David Medina

PhD student, Department of Computational and Applied Mathematics, Rice University
David.S.Medina@rice.edu

Background and research interests

David obtained a Bachelor’s degree in Mathematics from The University of Texas-Pan American in 2011. He double-majored in Mathematics and Computer Science which led him to apply to the Computational and Applied Mathematics Department at Rice University. Due to his inclination in the computational aspect of Applied Mathematics, David began his PhD research in parallel algorithms for computational fluid dynamics under the advisement of Professor Tim Warburton.

David’s research involves high-performance numerical simulations for fluid flow using high-order spectral element methods in scalable GPU frameworks. He is currently working with incompressible Navier-Stokes (INS) equations and some modifications to the elliptic PDEs derived from the splitting scheme used to solve these INS equations.
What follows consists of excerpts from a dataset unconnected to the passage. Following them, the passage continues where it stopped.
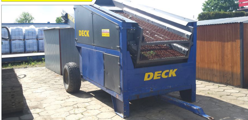
Przesiewacz kołowy TB 84
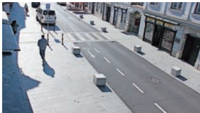
... in po njej
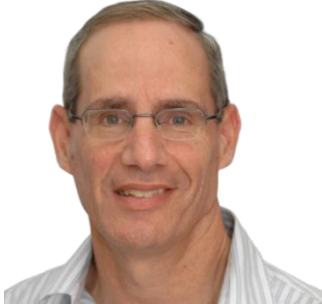
Noga Alon./ Fundación Wolf

ingeniosas en combinatoria, teoría de grafos e informática teórica, y la solución de problemas de big data en estos campos, así como en teoría analítica de números, geometría combinatoria y teoría de la información”.
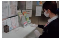
カウンターの消毒
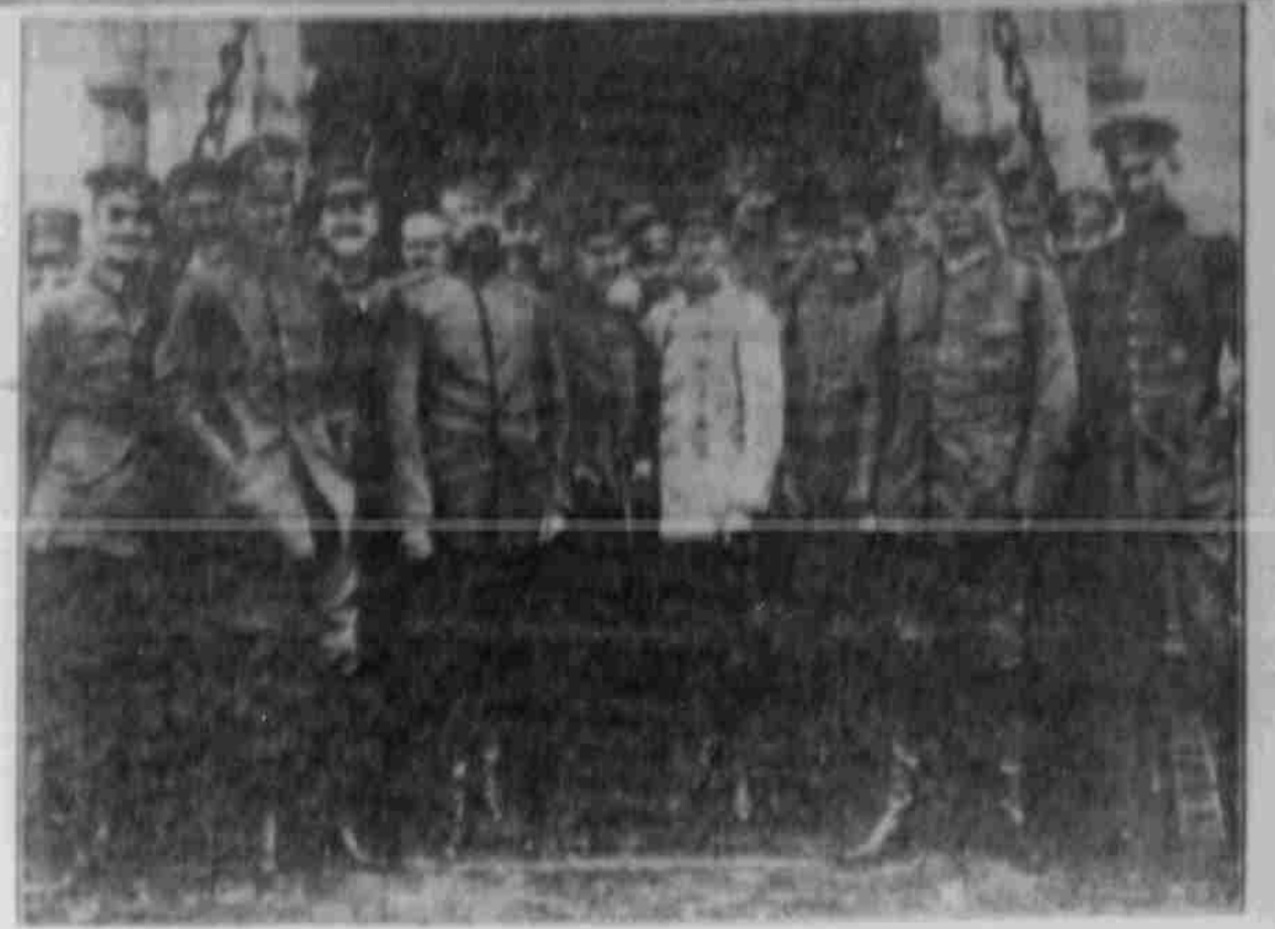
General der Kavallerie von der Marwitz (X), deutscher Kommandopostführer in den Karpaten mit seinem Stabe.
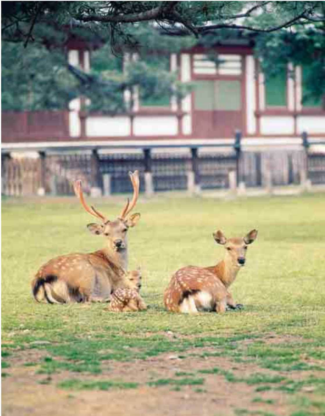
入江泰吉「親子鹿」 (1975年撮影)
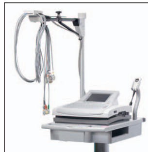
Trolley mit optionalem KISS Ausleger†
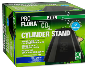
JBL PROFLORA CO2 CYLINDER STAND Standfuß für 500 g CO2 Flaschen
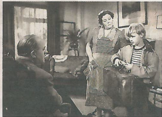
Als negenjarig jochie stond hij voor het eerst voor de camera's in de film Sterren Stralen .

„In mijn geval door veel te ondernemen. Ik sport regelmatig en ik ben nog steeds stevig aan het werk. Ik heb net het Nieuwjaarsconcert
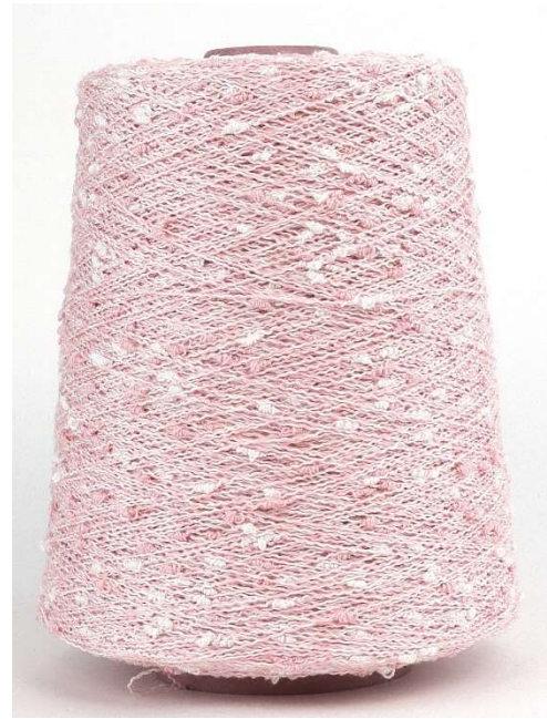
Farbe Rosa Farbnummer. X97
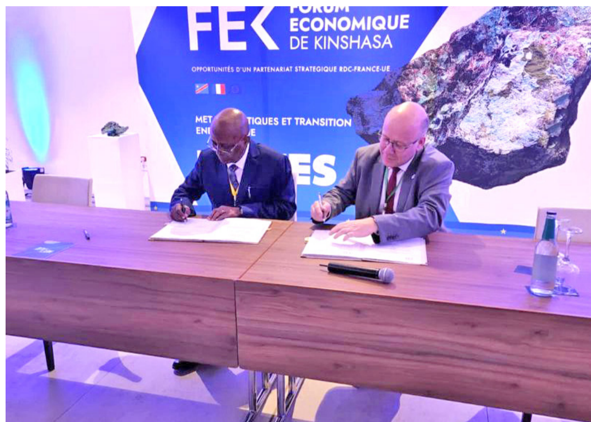
La signature du protocole d'accord
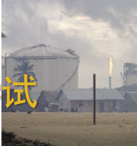
尼日利亚费尼马市渔村旁边的天然气厂。

尼日利亚挥霍了它们20世纪70年代的石油横财，这导致了这个国家30年的经济停滞和公共机构的退化，其主要原因在于不合适的财政和宏观经济政策、腐败和管理不善的共同作用。此外，没有多少国家（甚至经济学家）充分认识到管理石油横财是一件困难的事情。最近的石油价格上涨再次给了尼日利亚一个将“石油资源的诅咒”变成上帝恩赐的机会。它必须从过去的错误中吸取教训，不能再像过去那样以缺乏经验为借口。这个国家为应对近期油价的上涨采取了一些根本性的变革，这是一个良好的开端。但是，对于尼日利亚和整个非洲大陆而言，坚持这些改革至关重要。
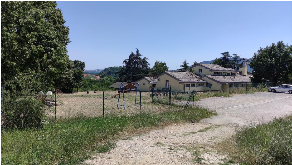
Slika 6 – Prikaz lokacije na kojoj je planirana izgradnja objekta
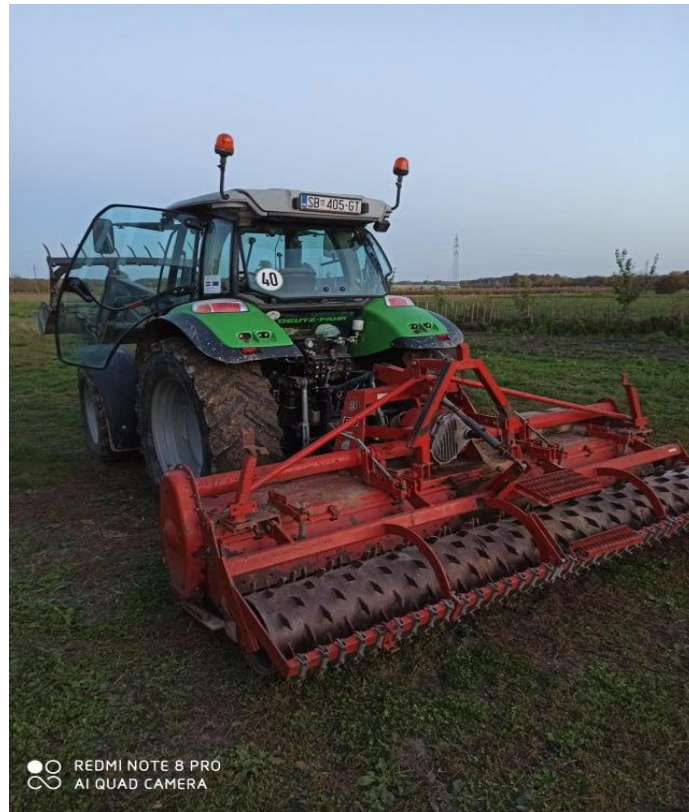
Slika 4. Rototiller RAU (fotografirala: Mia Zmaić)
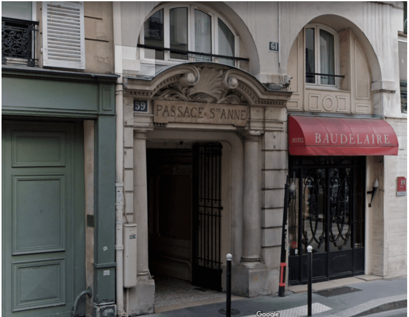
Passage Sanite-Anne, lugar que dava acesso àquela que foi a primeira sede da Sociedade Parisiense de Estudos Espíritas

que existem, mundo afora. Não. Nas ruas da França, parece que o único lugar em que o querido professor merece uma lembrança é no cemitério, como que por obrigação, e onde, morto e enterrado, não chama a atenção de ninguém com suas ideias “subversivas”.
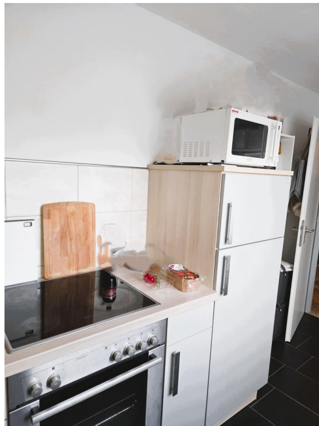
Küche Herd, Ceranfeld, Kühlschrank
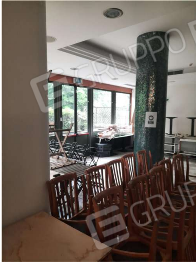
13 - PT - SALA DA PRANZO
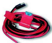
HKN4137 Cable de alimentación de batería de vehículo a radio móvil 3m, 15Amp
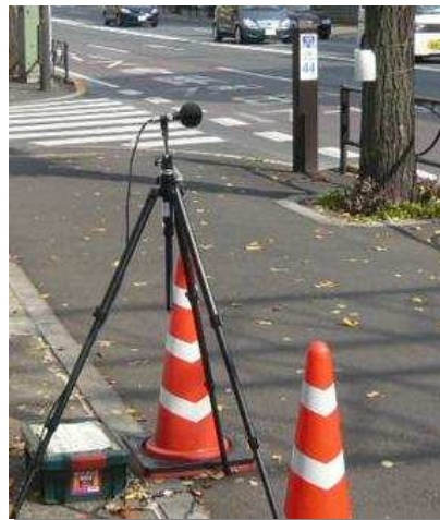
道路交通騒音測定

発生源である自動車の低騒音化や、道路の低騒音型舗装等の対策により一層の推進が求められます。
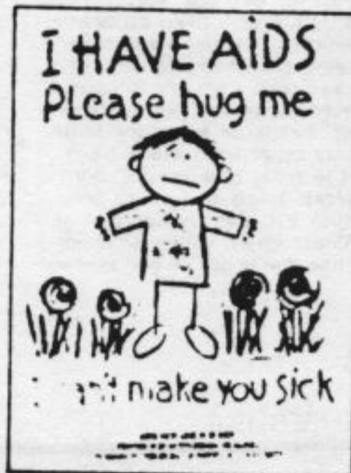
Een poster die het droevig lot van de AIDS-kinderen illustreert. «Aspblieh, knuffel mij, ik kan je niet ziek maken.»

His projects with GPU-based computing involve hydrocarbon recovery, computer guided assistance in thermal therapy, and reactor simulations.

David is proficient in C/C++, Java, and Python and has experience in parallel computing using OpenMP and MPI for traditional CPU-based clusters and GPGPU programming languages (CUDA, OpenCL).

Links

Other interests

Apart from research, David enjoys learning about computer architecture, networking and other programming interests such as new languages or practices (especially tips/tricks in Linux, bash, Emacs, etc. for ergonomic purposes!)